REPUBLIKA.CO.ID, MALANG -- Menteri Badan Usaha Milik Negara (BUMN) Erick Thohir mengatakan Kementerian BUMN dan seluruh BUMN telah berupaya keras mewujudkan transformasi BUMN secara menyeluruh dalam tiga tahun terakhir. Erick bersyukur transformasi membawa kinerja BUMN mengalami peningkatan yang signifikan.
"Untuk kali pertama sepanjang sejarah, Kementerian BUMN punya laporan keuangan BUMN secara konsolidasi. Laba BUMN sepanjang 2021 sebesar Rp 124,7 triliun, pada 2022 angkanya meningkat menjadi Rp 155 triliun, untuk 2022 sendiri tembus hingga Rp 303,7 triliun, ini masih unaudited," ujar Erick dalam orasi ilmiahnya saat menerima penganugerahan Doktor Honoris Causa bidang Manajemen Strategis pada Fakultas Ekonomi dan Bisnis, Universitas Brawijaya, Malang, Jawa Timur (Jatim), Jumat (3/3/2023).

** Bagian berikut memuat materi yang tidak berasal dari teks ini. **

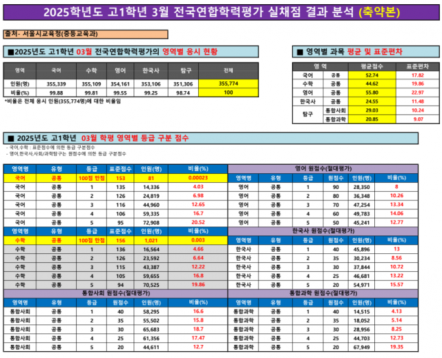 <2025학년도 고1학년 03월 전국연합학력평가 실채점 결과 (축약본)>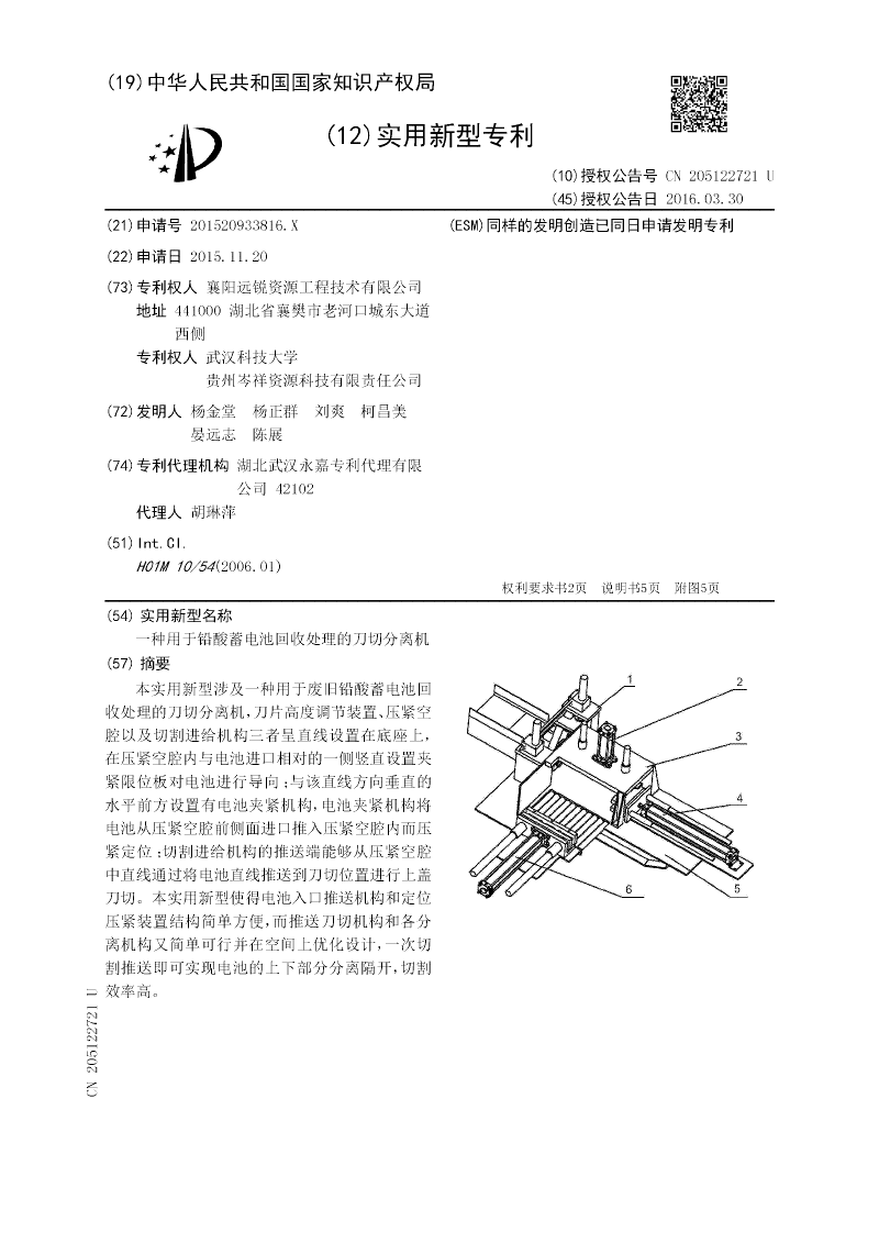 本实用新型涉及一种用于废旧铅酸蓄电池回收处理的刀切分离机,刀片高度调节装置、压紧空腔以及切割进给机构三者呈直线设置在底座上,在压紧空腔内与电池进口相对的一侧竖直设置夹紧限位板对电池进行导向;与该直线方向垂直的水平前方设置有电池夹紧机构,电池夹紧机构将电池从压紧空腔前侧面进口推入压紧空腔内而压紧定位;切割进给机构的推送端能够从压紧空腔中直线通过将电池直线推送到刀切位置进行上盖刀切。本实用新型使得电池入口推送机构和定位压紧装置结构简单方便,而推送刀切机构和各分离机构又简单可行并在空间上优化设计,一次切割推送即可实现电池的上下部分分离隔开,切割效率高。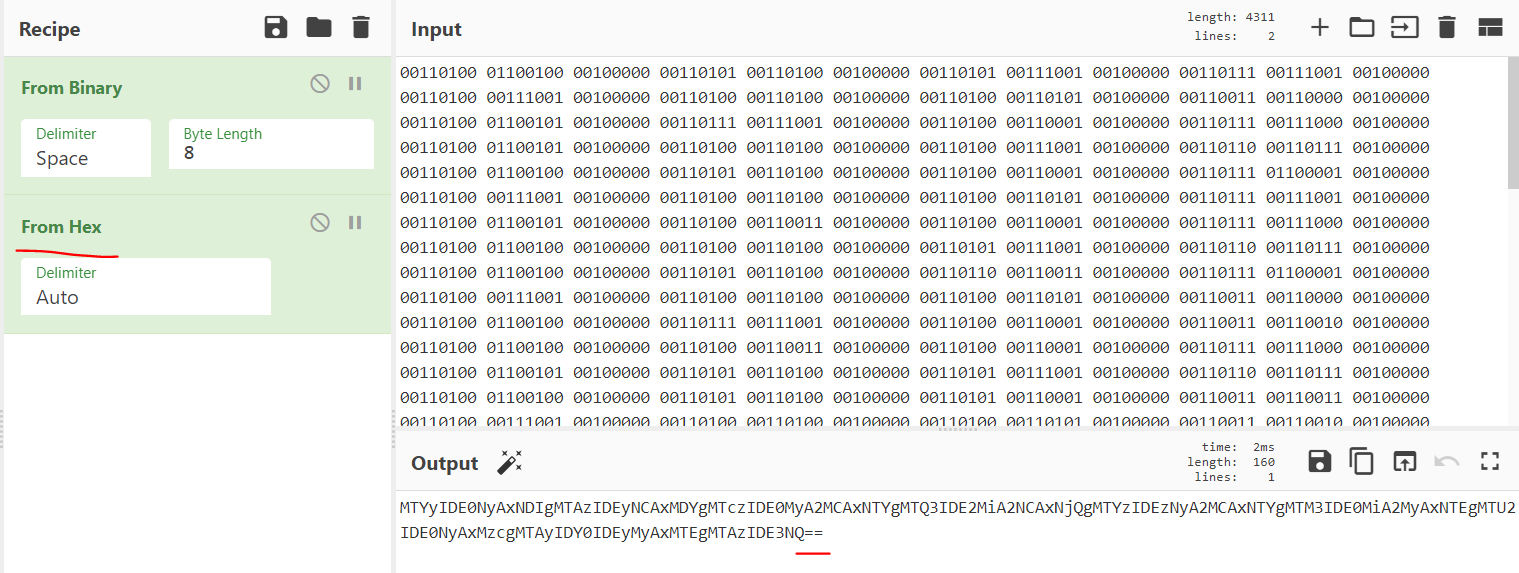 다시한번 From Hex 를 이용해 디코딩해주었다.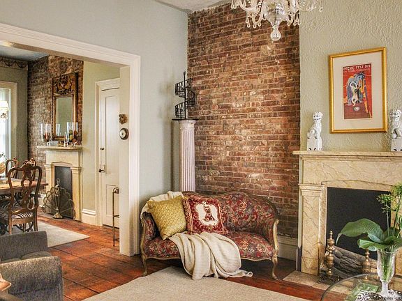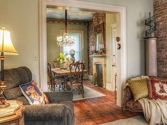 This charming 1850 brick 3-family home is nestled in the heart of Kingston's historic Rondout area. Steeped in history and filled with character, this property is the perfect blend of past and present, offering an ideal opportunity for owner occupancy with a monthly income. This home is a testament to timeless architecture, with its brick exterior that has stood the test of time. As you step inside the owner occupied side of the building, you'll immediately notice the exposed brick walls that harken back to a bygone era. These walls not only tell a story but also provide a unique and warm ambiance that's hard to replicate. The first floor has 10' ceilings, wide-board wooden floors and ornamental fireplaces in both the living room and dining room. The second floor has the full bath, primary bedroom as well as another room that could be a bedroom but is used as a sitting/media room. There is an additional smaller room which is being used as a walk-in closet. The third floor has two large guest rooms in addition to two smaller rooms that could be utilized for many different things (ex: office, studio, nursery, closets or perhaps an additional bathroom).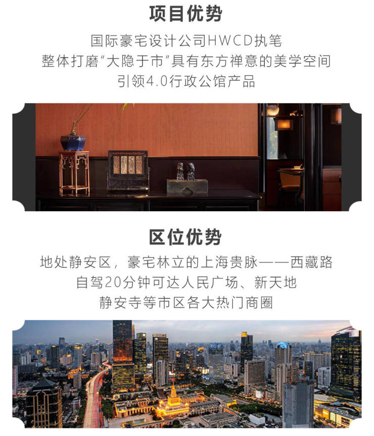 项目优势:国际豪宅设计公司HWCD执笔,整体打磨“大隐于市”具有东方禅意的美学空间,引领4.0行政公馆产品。◇ 区位优势:地处静安区,毗邻豪宅林立的上海贵脉——西藏路,自驾20分钟可达人民广场、新天地、静安寺等市区各大热门商圈。

Erick menegaskan kebijakan BUMN hari ini dan ke depan sebagai mission economy yang berarti beyond BUMN. Bagi Erick, BUMN bukan hanya korporasi biasa yang menghasilkan laba, melainkan juga sebagai pencipta nilai dan yang terpenting menjadi lokomotif kepentingan nasional dalam era globalisasi.
"Apa yang kita kerjakan, bukan hanya sesuai dengan harapan nasional, tapi telah masuk dalam standar global. Kebijakan transformasi BUMN kita laksanakan dalam konsep teori kebijakan publik bahwa ada kepentingan nasional di balik setiap kebijakan publik Indonesia," ucap pria kelahiran Jakarta itu.
Erick menyampaikan paradigma perusahaan milik negara di seluruh dunia sudah berubah, terutama setelah BUMN-BUMN raksasa China dan Singapura menjadi korporasi multinasional dengan manajemen yang profesional. Menurut Erick, kepemilikan negara bukan berarti tidak mungkin menjadi profesional.
"Privatisasi tetap penting, tetapi bukan panasea lagi. Pertanyaannya, haruskah kita takut kembalinya kapitalisme negara ini akan mengembalikan praktik-praktik BUMN besar yang tidak efisien yang diprivatisasi negara-negara selama 1980-an dan 1990-an?," tanya Erick.
Erick mengatakan, peran BUMN telah ada selama lebih dari seratus tahun dalam perekonomian pasar di dunia dan menjadi bagian penting dalam gelombang besar pertama globalisasi. Erick mencontohkan, lima dari sepuluh perusahaan terbesar dunia versi majalah ekonomi terkemuka Amerika Serikat (AS) adalah perusahaan-perusahaan negara yang dikelola secara profesional.
"Bahkan, pada 2022 untuk pertama kalinya, total pendapatan dari perusahaan-perusahaan China yang ada di daftar Global 500 melampaui total pendapatan dari perusahaan-perusahaan AS," kata Erick.